── Supplied data ──

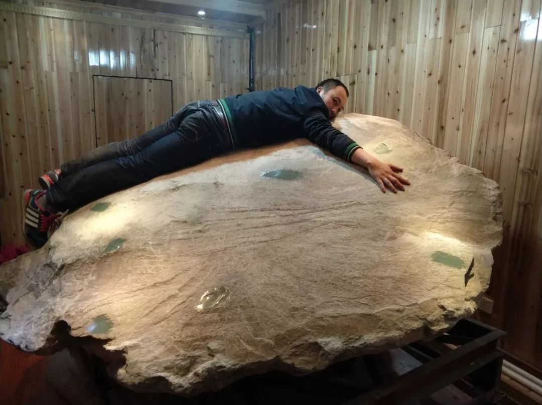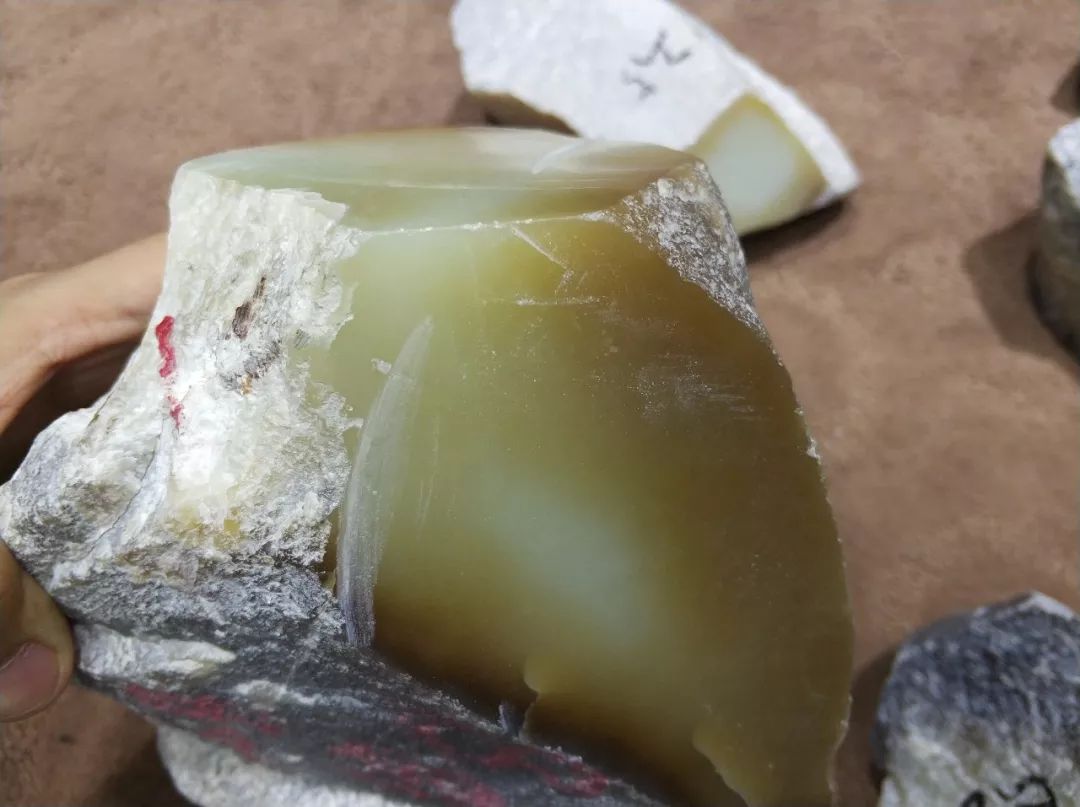 值得一提的是塔特勒克苏矿,曾经出产过很多国宝级的玉料,比如前几年挖出来的那块著名且末玉王,它可是有史以来记载的最大的一块和田玉玉料。(你没看错,阿宝趴在上面的这块就是玉王本尊了)
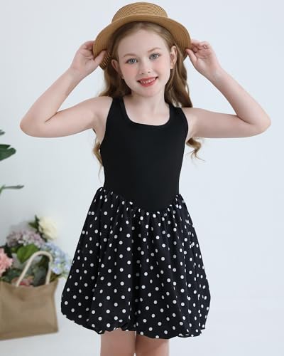 Girls Summer Dresses Tween Back to School Outfits Casual Sleeveless Bubble Sundress with Pockets for 7-12 Years 1
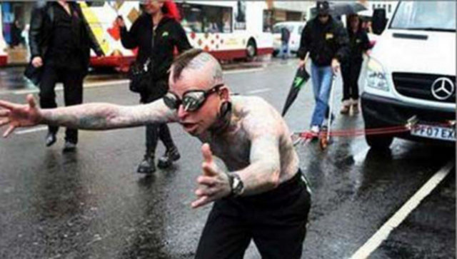 Vücudunun yüzde 98'i dövmelerle kaplıydı ama o yetinmedi,göz aklarına da mürekkep enjekte etti.Amerika'nın Oregon eyaletinde yaşayan Matt Gone, 'İnsan dama tahtası' olarak biliniyor. Göz aklarına mürekkep enjekte eden Gone'un şimdi bir gözü tamamen mavi, diğeriyse yeşil. Dövmeyi evde kendisinin yaptığını anlatan Gone, "Aslında tehlikeli bir iş yapmadım. Dövme konusunda çok bilgiliyim. Risk aldım ama değerdi" diyor.
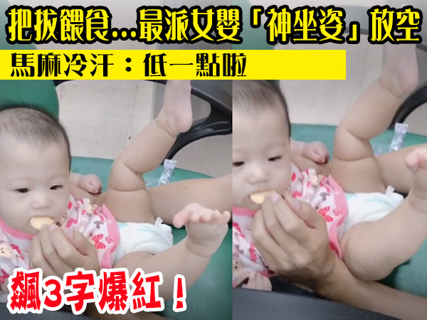 「最派女嬰」小妡妡打針氣飆3個字爆紅!媽咪蔡佩蓁昨晚在臉書又獻上超萌影片,那時他們在等醫師給口服疫苗,把拔怕她之後肚子餓,所以就先餵她吃嬰兒餅乾,沒想到小妡妡在咬的同時,小腳超不安分,而這個海派坐姿也引來不少網友朝聖,直喊「開粉絲團了。」
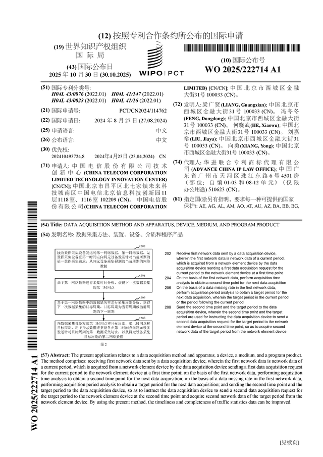 证券之星消息,根据企查查数据显示中国电信(601728)公布了一项国际专利申请,专利名为“数据采集方法、装置、设备、介质和程序产品”,专利申请号为PCT/CN2024/114762,国际公布日为2025年10月30日。
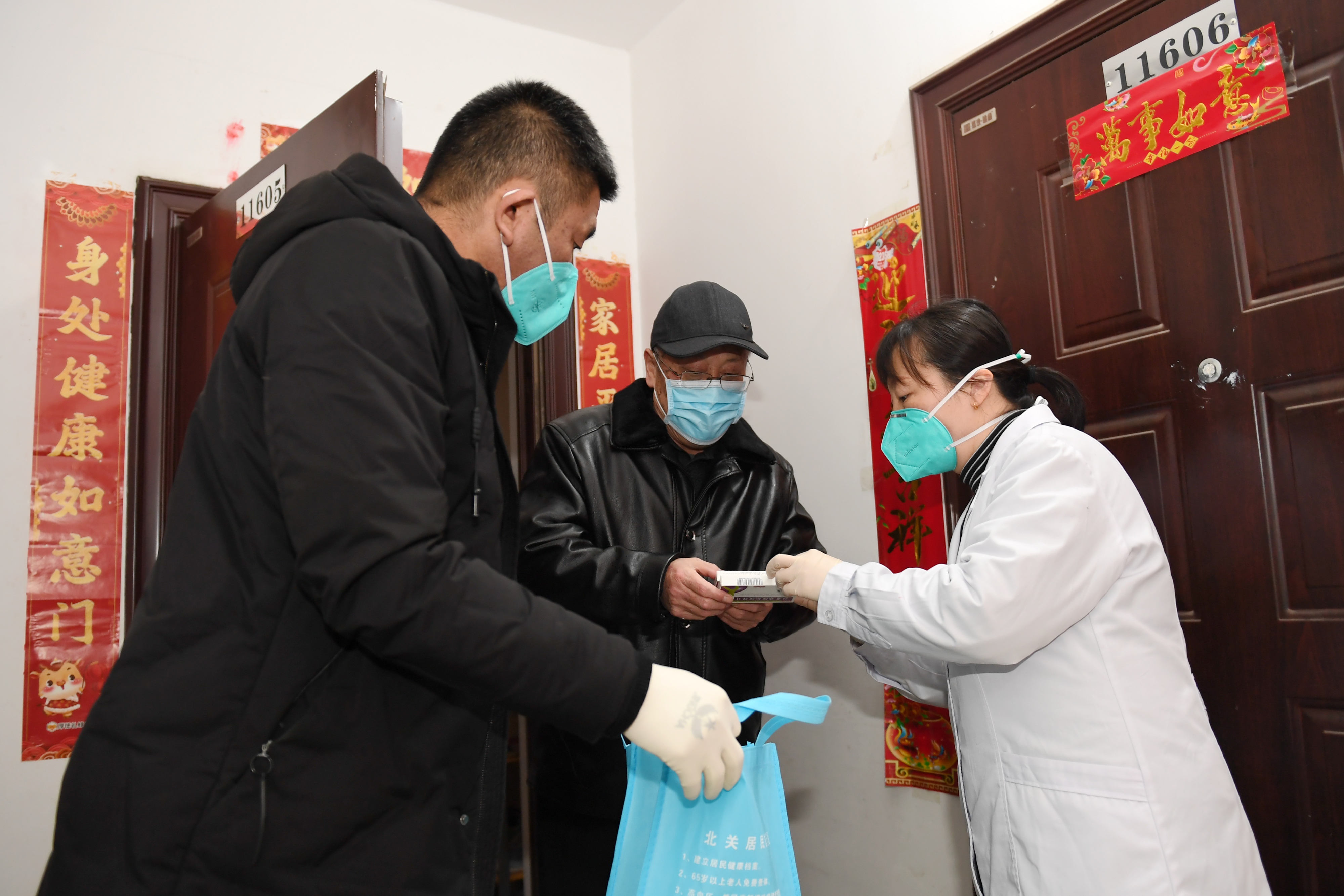 1月8日,在西安秦地雅仕小區(qū),蓮湖區(qū)北關(guān)社區(qū)衛(wèi)生服務中心檢驗師韓涼(右)為電話就醫(yī)的患者送藥上門。新華社記者 李一博 攝
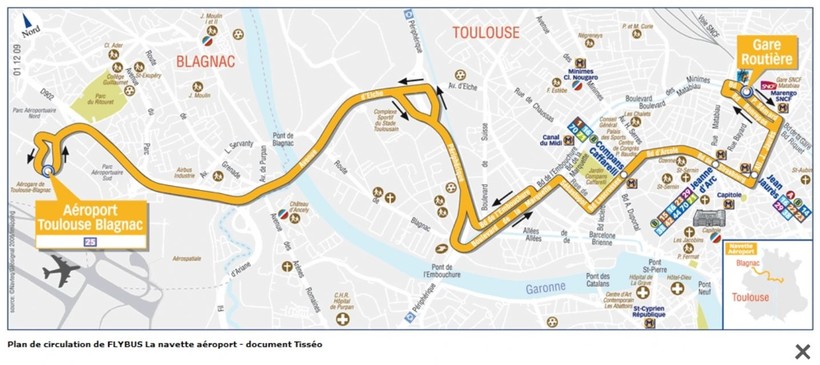 Это самый популярный вид передвижения из аэропорта в город. Плюс данного маршрута состоит в том, что его конечная остановка находится прямо в центре города. При этом курсируя между аэропортом и центром Тулузы, автобус делает несколько остановок в спальных районах.
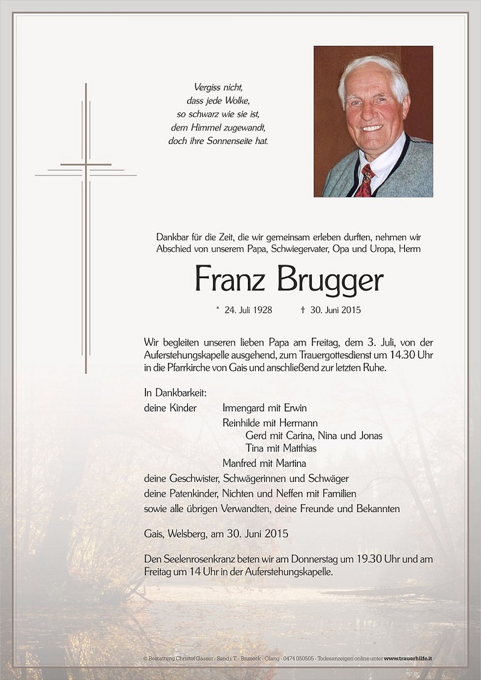 Wir begleiten unseren lieben Papa am Freitag, dem 3. Juli, von der Auferstehungskapelle ausgehend, zum Trauergottesdienst um 14.30 Uhr in die Pfarrkirche von Gais und anschließend zur letzten Ruhe.

───

Your task is to reproduce exactly the lines from the one that holds "证券之星消息,根据企查查数据" to the last line of the listing, and only those, omitting the pictures.

 证券之星消息,根据企查查数据显示中国电信(601728)公布了一项国际专利申请,专利名为“数据采集方法、装置、设备、介质和程序产品”,专利申请号为PCT/CN2024/114762,国际公布日为2025年10月30日。
 1月8日,在西安秦地雅仕小區(qū),蓮湖區(qū)北關(guān)社區(qū)衛(wèi)生服務中心檢驗師韓涼(右)為電話就醫(yī)的患者送藥上門。新華社記者 李一博 攝
 Это самый популярный вид передвижения из аэропорта в город. Плюс данного маршрута состоит в том, что его конечная остановка находится прямо в центре города. При этом курсируя между аэропортом и центром Тулузы, автобус делает несколько остановок в спальных районах.
 Wir begleiten unseren lieben Papa am Freitag, dem 3. Juli, von der Auferstehungskapelle ausgehend, zum Trauergottesdienst um 14.30 Uhr in die Pfarrkirche von Gais und anschließend zur letzten Ruhe.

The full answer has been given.